"Demonstrando que as formigas são as verdadeiras rainhas da criação (o leitor pode tomá-lo como uma hipótese ou uma fantasia: de qualquer maneira lhe fará bem um pouco de antropofunguismo), eis uma página de sua geografia:
(p. 84 do livro; assinalam-se entre parênteses os possíveis equivalentes de determinadas expressões, segundo a clássica interpretação de Gaston Loeb.)
'... mares paralelos (rios?).

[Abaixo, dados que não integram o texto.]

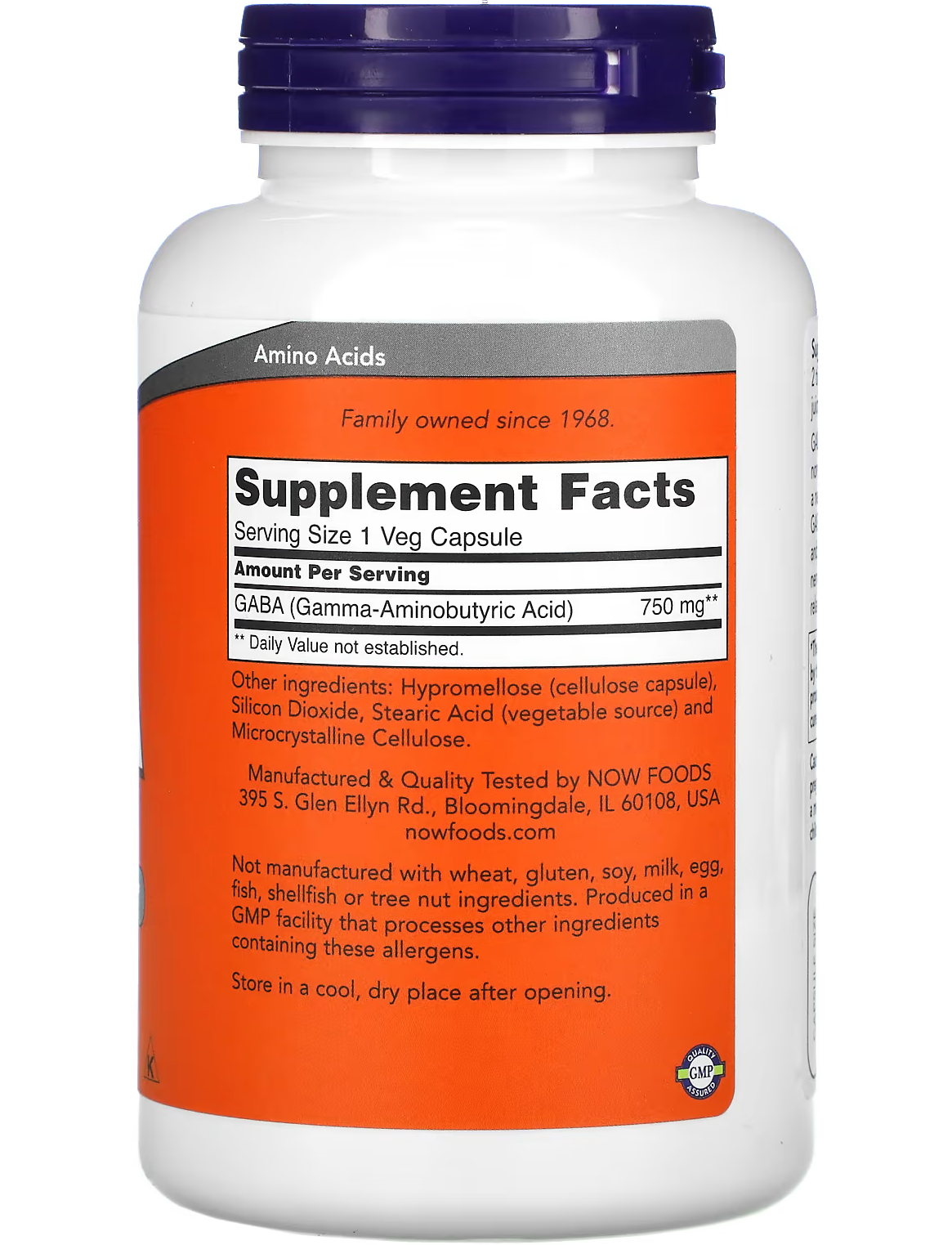 Харчова добавка. Дієтична добавка. GABA ГАМК 750 мг 200 веганських капсул.

A água infinita (um mar?) cresce em certos momentos como hera-hera-hera (idéia de uma parede muita alta, que expressaria a maré). Se a gente vai-vai-vai-vai (noção análoga aplicada à distância) chega à Grande Sombra Verde (um campo semeado, um mato, um bosque?) onde o Grande Deus eleva o celeiro contínuo para suas Melhores Operárias. Nesta região abundam os Imensos Seres Horríveis (homens?) que destroem nossos caminhos. Do outro lado da Grande Sombra Verde começa o Céu Duro (uma montanha?). E tudo isso é nosso, mas com ameaças.'
Essa geografia foi objeto de uma outra interpretação (Dick Fry e Niels Peterson Jr.). O trecho corresponderia topograficamente a um pequeno jardim da Rua Laprida, 628, Buenos Aires. Os mares paralelos são dois pequenos canais de esgoto; a água infinita, um banho para patos; a Grande Sombra Verde, um canteiro de alface. Os Imensos Seres Horríveis insinuariam patos ou galinhas, embora não se deva descartar a possibilidade de que realmente se trate de homens. A respeito do Céu Duro desenvolve-se uma polêmica que não acabará tão cedo. A opinião de Fry e Peterson, que vêem nele uma parede de tijolos, opõe-se a de Guilherme Sofovich, que presume um bidê abandonado entre as alfaces."
CORTÁZAR, Julio. Histórias de cronópios e de famas. 6.ed.Rio de Janeiro: Civilização Brasileira, 1998. p. 69-70.